TASK REQUIREMENTS
Omit all pictures and transcribe only the lines in the entries below that run from the line with "Every month, we" through the line with "O petisco mais".

- - - - -

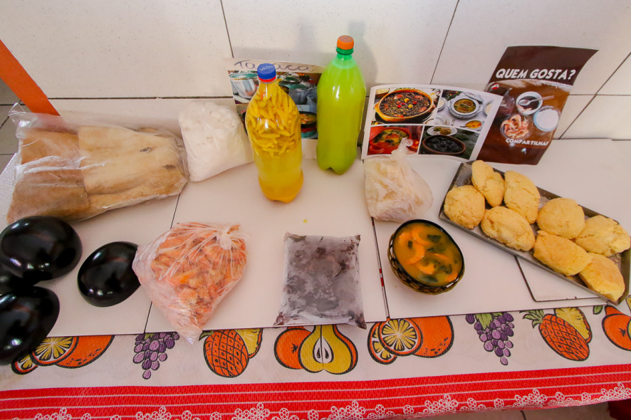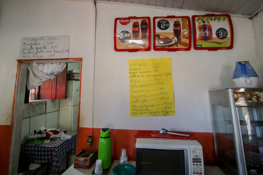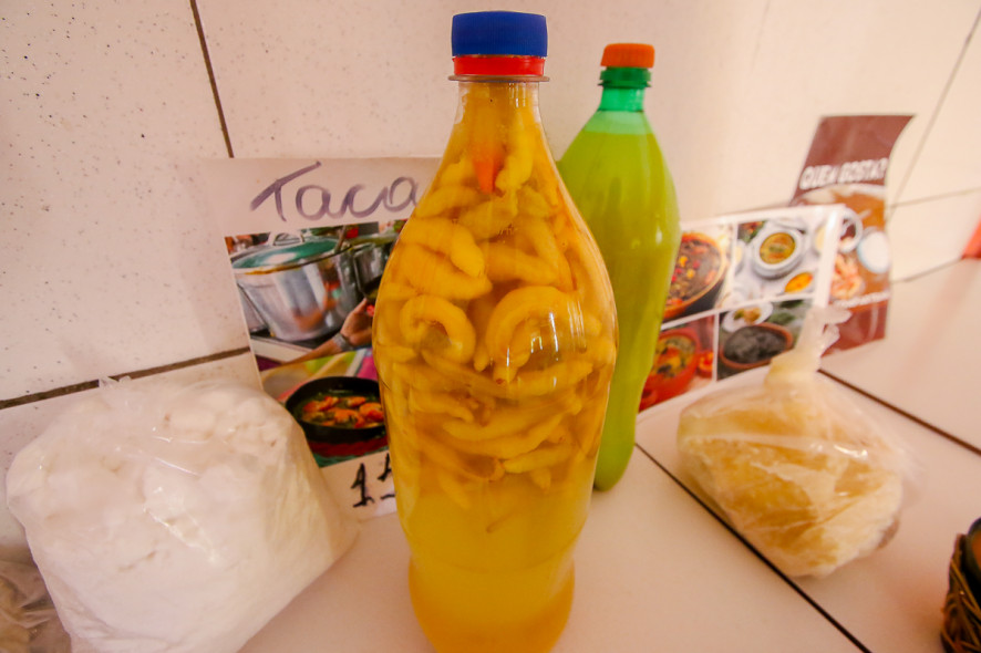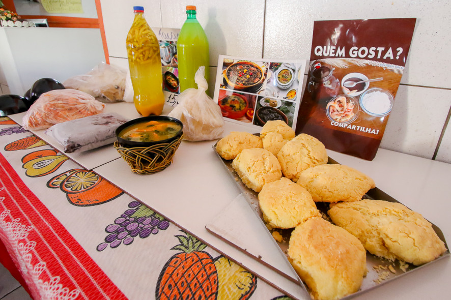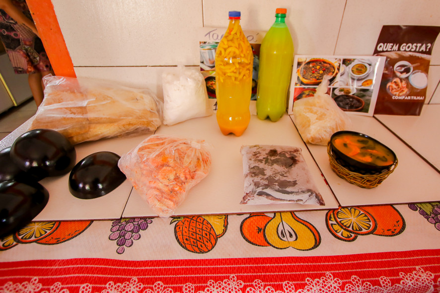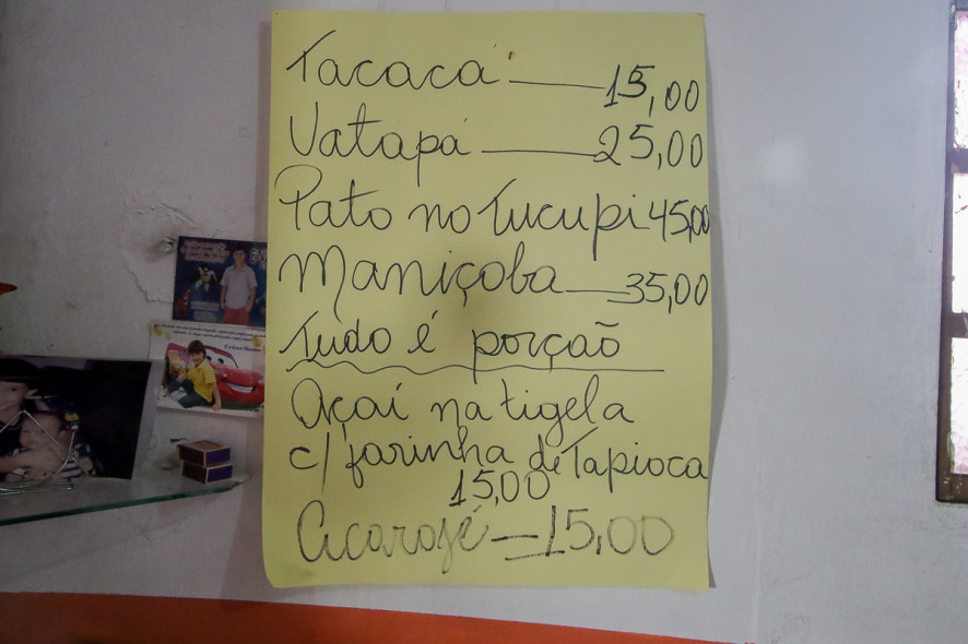 O estabelecimento vende suas iguarias para viagem. “Temos jambu, tucupi, camarão seco, cupuaçu e açaí. Tudo para levar pra casa”.
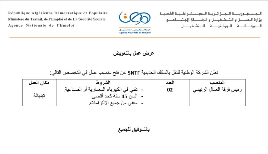 تعلن الشركة الوطنية للنقل بالسكك الحديدية SNTF عن فتح منصب عمل في التخصص التالي:
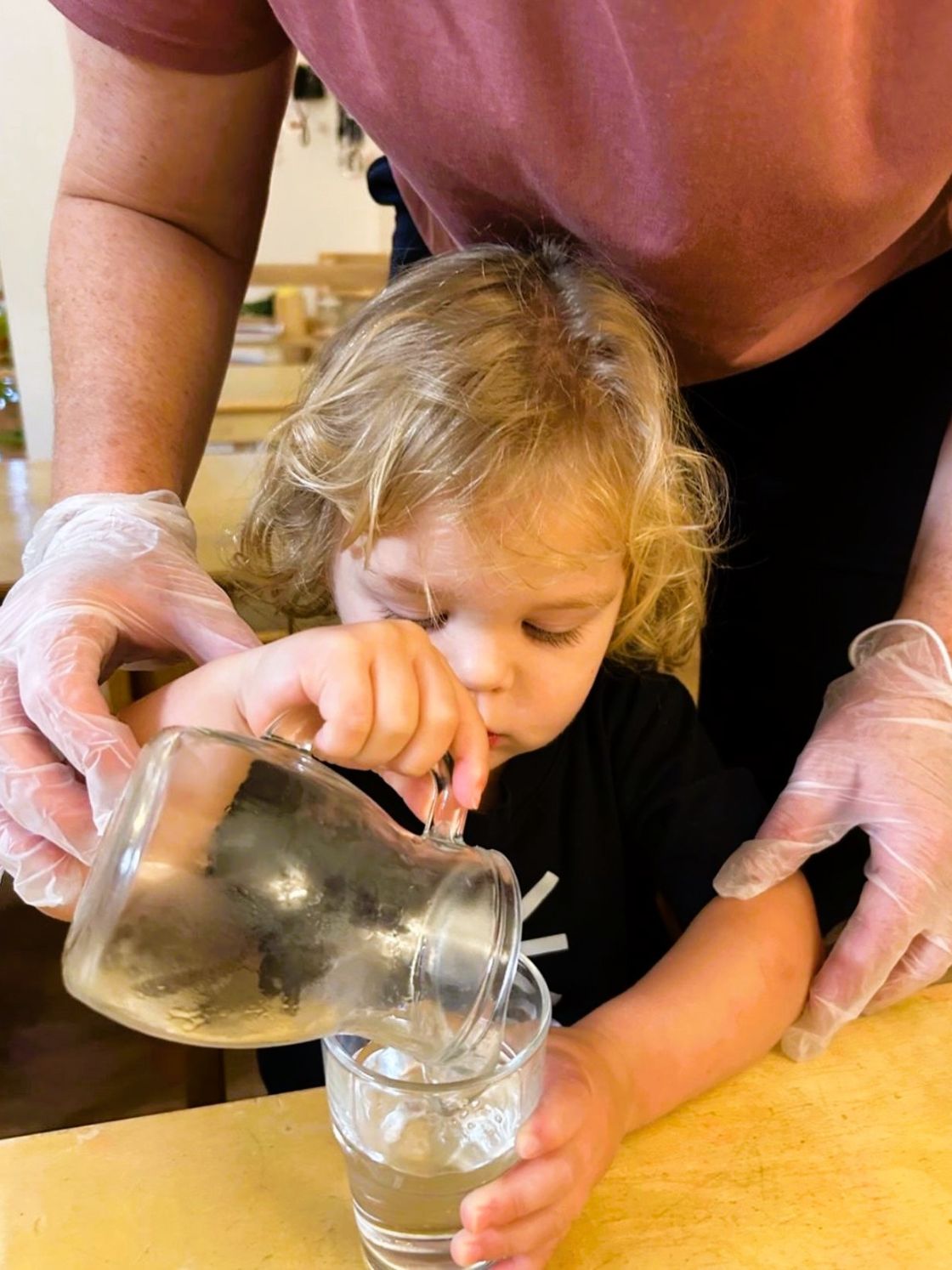 Every month, we work on our practical life skills. This month, it was all about tasting and enjoying the efforts of our food-handling skills. We peeled mandarins and made our own orange juice😋. Every day, we practised pouring our own water into a glass cup and using tongs and big spoons to serve our own food. Yum and fun! Of course, our routine includes other practical life skills, such as washing dishes, and independent self-help skills, like toilet training.
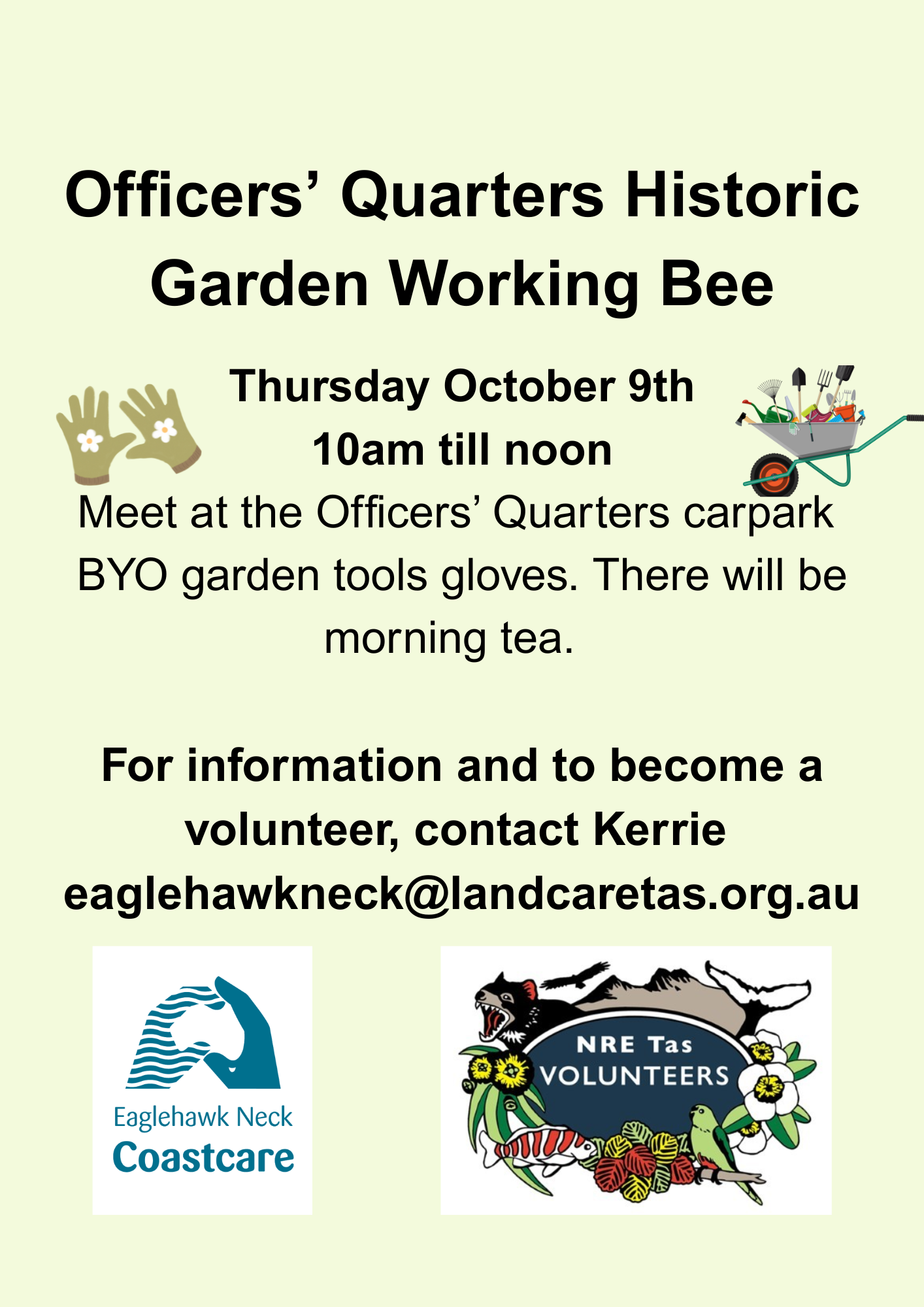 Thursday Oct 9th Officer Quarters working bee, 10am-12 midday.
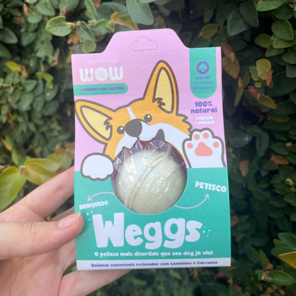 O petisco mais divertido que o seu dog já viu! Brincar comendo ou comer brincando? Com o Weggs ambas as opções são possíveis. O Weggs é uma bolinha comestível recheada com lombinho com cúrcuma desidratado, 100% natural, livre de conservantes, corantes, palatabilizantes artificiais e aditivos químicos. Matéria prima 100% brasileira. Ingredientes: Lombinho suíno desidratado e fécula de mandioca. Pode conter agrião ou couve (cor verde).
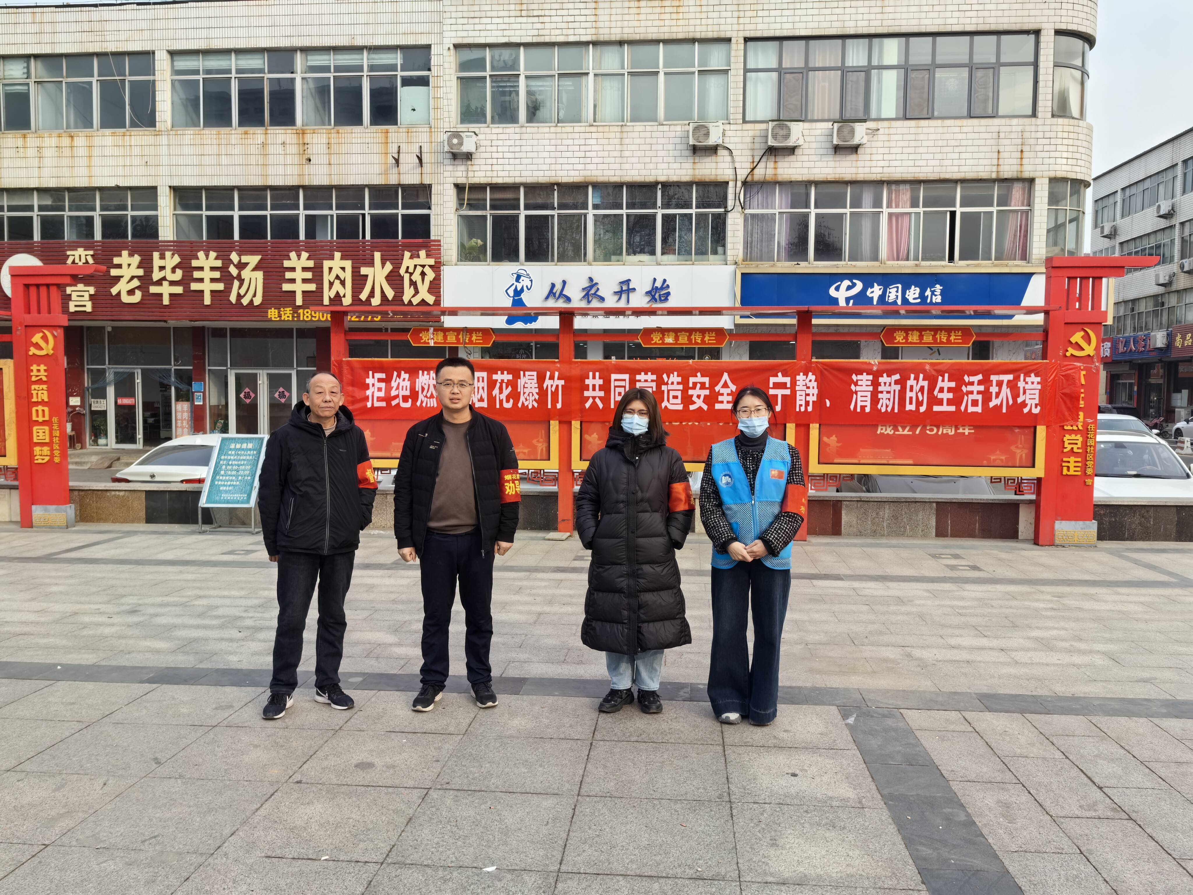 任花园巡查过程中,社区工作人员佩戴红色袖章,在社区小广场、居民楼间,巡查是否有售卖和燃放烟花爆竹的行为,如果有售卖和燃放烟花爆竹的行为,工作人员立即对其进行劝导,并且告知其燃放烟花爆竹的危害以及禁止燃放烟花爆竹的区域。此外,工作人员还利用宣传栏张贴海报,微信朋友圈、居民群发信息,小区大门口小喇叭循环播放禁放语音,悬挂禁放宣传横幅等方式,让居民了解燃放烟花爆竹影响空气质量,更容易引发火灾事故造成人身伤亡及财产损失,引导大家选择环保安全的方式庆祝新春佳节。

- - - - -

REPLY
 Every month, we work on our practical life skills. This month, it was all about tasting and enjoying the efforts of our food-handling skills. We peeled mandarins and made our own orange juice😋. Every day, we practised pouring our own water into a glass cup and using tongs and big spoons to serve our own food. Yum and fun! Of course, our routine includes other practical life skills, such as washing dishes, and independent self-help skills, like toilet training.
 Thursday Oct 9th Officer Quarters working bee, 10am-12 midday.
 O petisco mais divertido que o seu dog já viu! Brincar comendo ou comer brincando? Com o Weggs ambas as opções são possíveis. O Weggs é uma bolinha comestível recheada com lombinho com cúrcuma desidratado, 100% natural, livre de conservantes, corantes, palatabilizantes artificiais e aditivos químicos. Matéria prima 100% brasileira. Ingredientes: Lombinho suíno desidratado e fécula de mandioca. Pode conter agrião ou couve (cor verde).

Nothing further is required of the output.